Today in Labor History July 16, 1934: The San Francisco General Strike began, with 150,000 workers participating. The longshoremen’s strike actually started on May 9 and lasted 83 days, leading ultimately to the unionization of all West Coast ports. The strike grew violent quickly, with company goons and police brutalizing longshoremen and sailors. They hired private security to protect the scabs they brought in to load and unload ships, housing them in moored ships and wall compounds that the strikers attacked. In San Pedro, two workers were killed by private security on May 15. Battles also broke out in Oakland, San Francisco, Portland and Seattle. On Bloody Thursday, July 5, in San Francisco, police attacked strikers with tear gas and with clubs while on horseback and later fired into the crowd, killing two and injuring others. A General Strike was called on July 14 and began on July 16, lasting 4 days. Many non-unionized workers joined the strike. Movie theaters and night clubs shut down. Many small businesses shut down & posted signs in solidarity with the strikers.

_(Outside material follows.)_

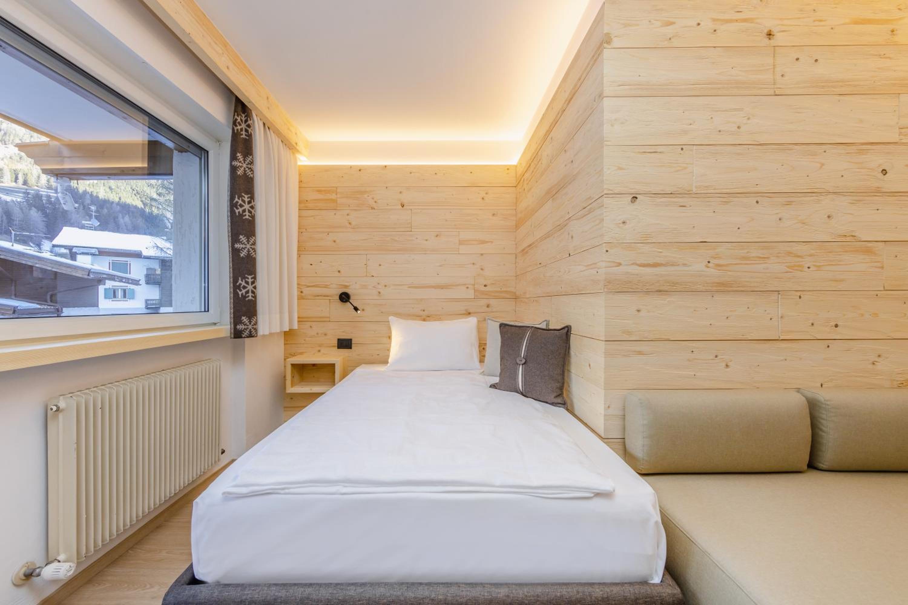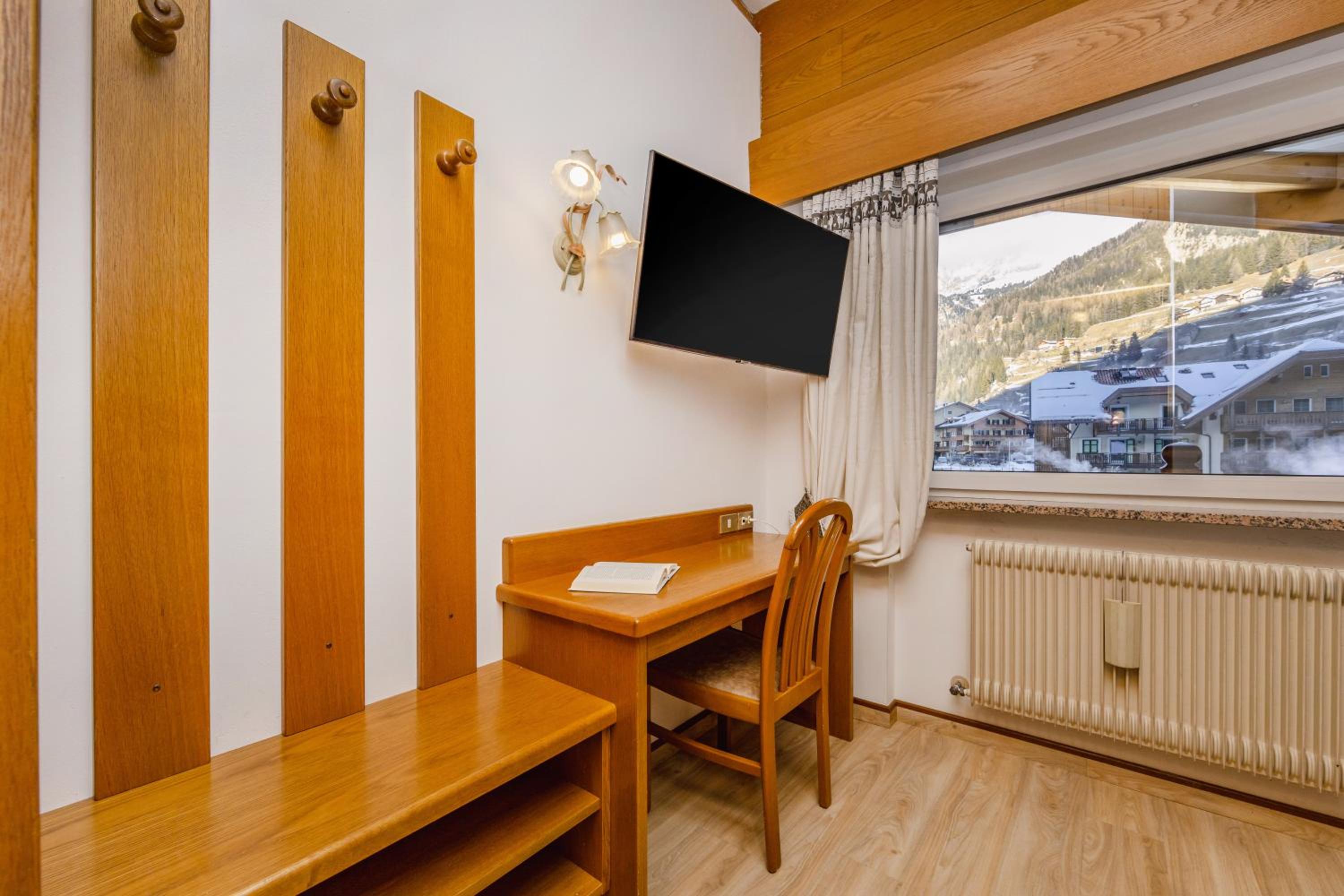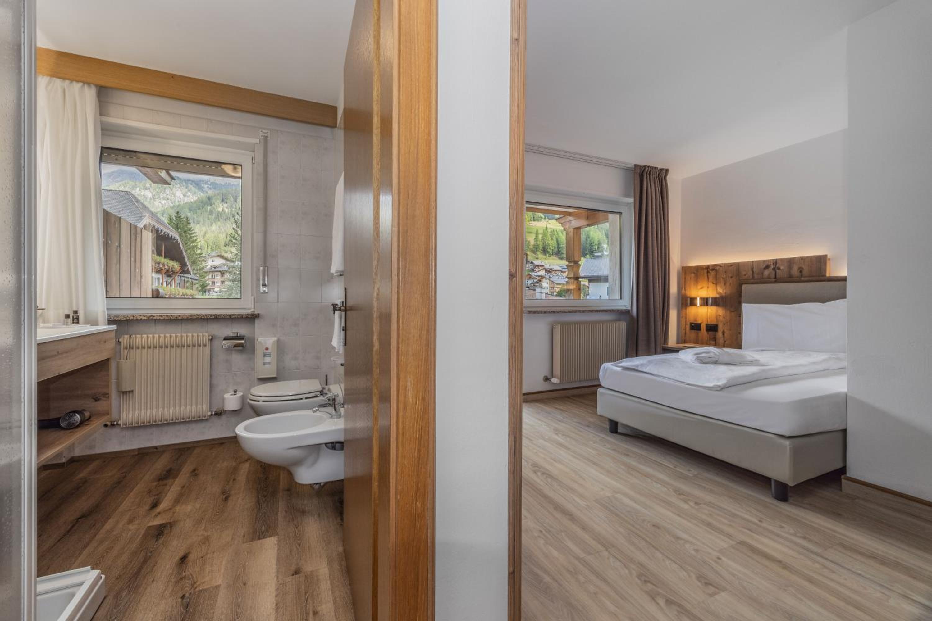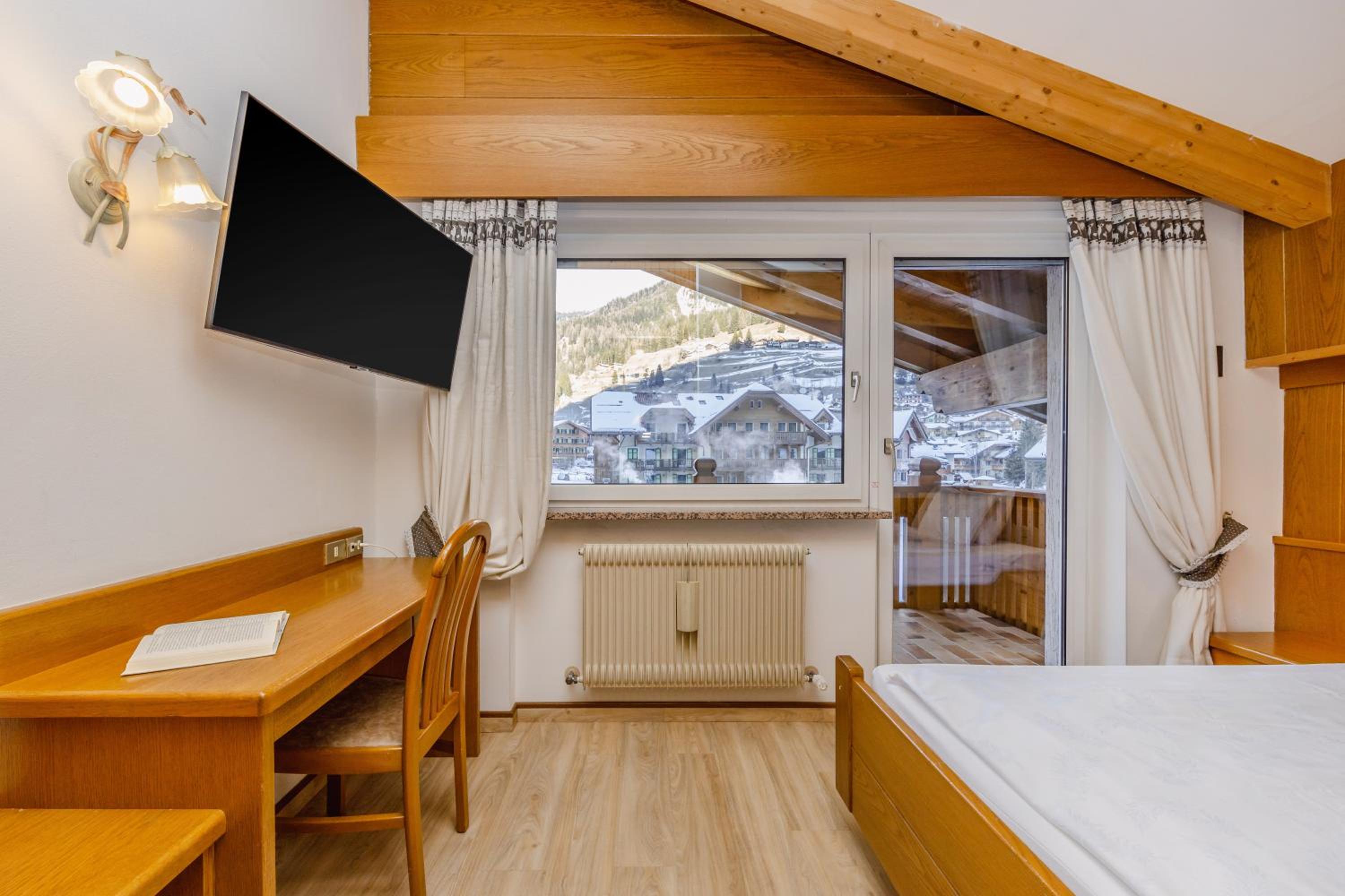 Spettacolare la vista dalla finestra. Graditissimo il balcone sul Sasso Lungo. Finalmente un hotel dove la temperatura della camera non è troppo alta! Personale gentilissimo, sia alla reception, sia nella sala colazione. Pulizia accurata. Piacevole la spa. In camera si trovano accappatoi e salviettoni da utilizzare per la spa. Prodotti da bagno di buona qualità. Bollitore, acqua di cortesia, frigo. Armadio spazioso, anche se senza ante. Prese e luci in abbondanza. Colazione ottima, varia e abbondante, in una saletta deliziosa. Vicinissimo agli impianti. Che dire di più?

On July 17, the cops arrested 300 people they accused of being communists, radicals or subversives. The National Guard also blocked both ends of Jackson Street that day with machine gun-mounted trucks to aid vigilante attacks on the Marine Workers Industrial Union headquarters and the ILA soup kitchen. They raided many other union halls and communist organizations. Vigilantes kidnapped and beat a lawyer for the ACLU, as well as 13 radicals from San Jose, CA.
Today in Labor History July 14, 1789: Parisians stormed the Bastille during the French Revolution. The Bastille was a fortress, armory and political prison, and was a symbol of tyranny, feudal authority and the "divine" rights of kings. The Marquis de Sade had been imprisoned there and was transferred out only 10 days before the storming. The French Revolution succeeded in overthrowing the monarchy, replacing it with a bourgeois republic. However, it sparked optimism among working people throughout the world and inspired other revolutions, like the Haitian Revolution, in 1791.
Today in Labor History July 9, 1917: Alexander Berkman and Emma Goldman were sentenced to two years in prison, $10,000 each, and deportation to Soviet Russia for their antiwar efforts and their anarchist activism. Their persecution by the U.S. government was part of the Palmer Raids, or the first anti-communist witch hunt in the U.S., which led to the imprisonment, death and/or deportation of hundreds of anarchists, communists, and labor organizers. The witch hunt decimated the IWW. And it jump-started the career of J. Edgar Hoover, future head of the FBI and persecutor of activist groups under COINTELPRO, who was then the underling of his mentor A. Mitchell Palmer.
Though Berkman and Goldman were both born in Russia, they were also naturalized U.S. citizens. The U.S. also deported anarchist Mollie Steimer in 1922. So, Trump’s threat to strip Zohran Mamdani of his citizenship and have him deported would be nothing new for the U.S. The U.S. has also denaturalized and deported people on the right, including several dozen Nazis in the 1970s-1990s.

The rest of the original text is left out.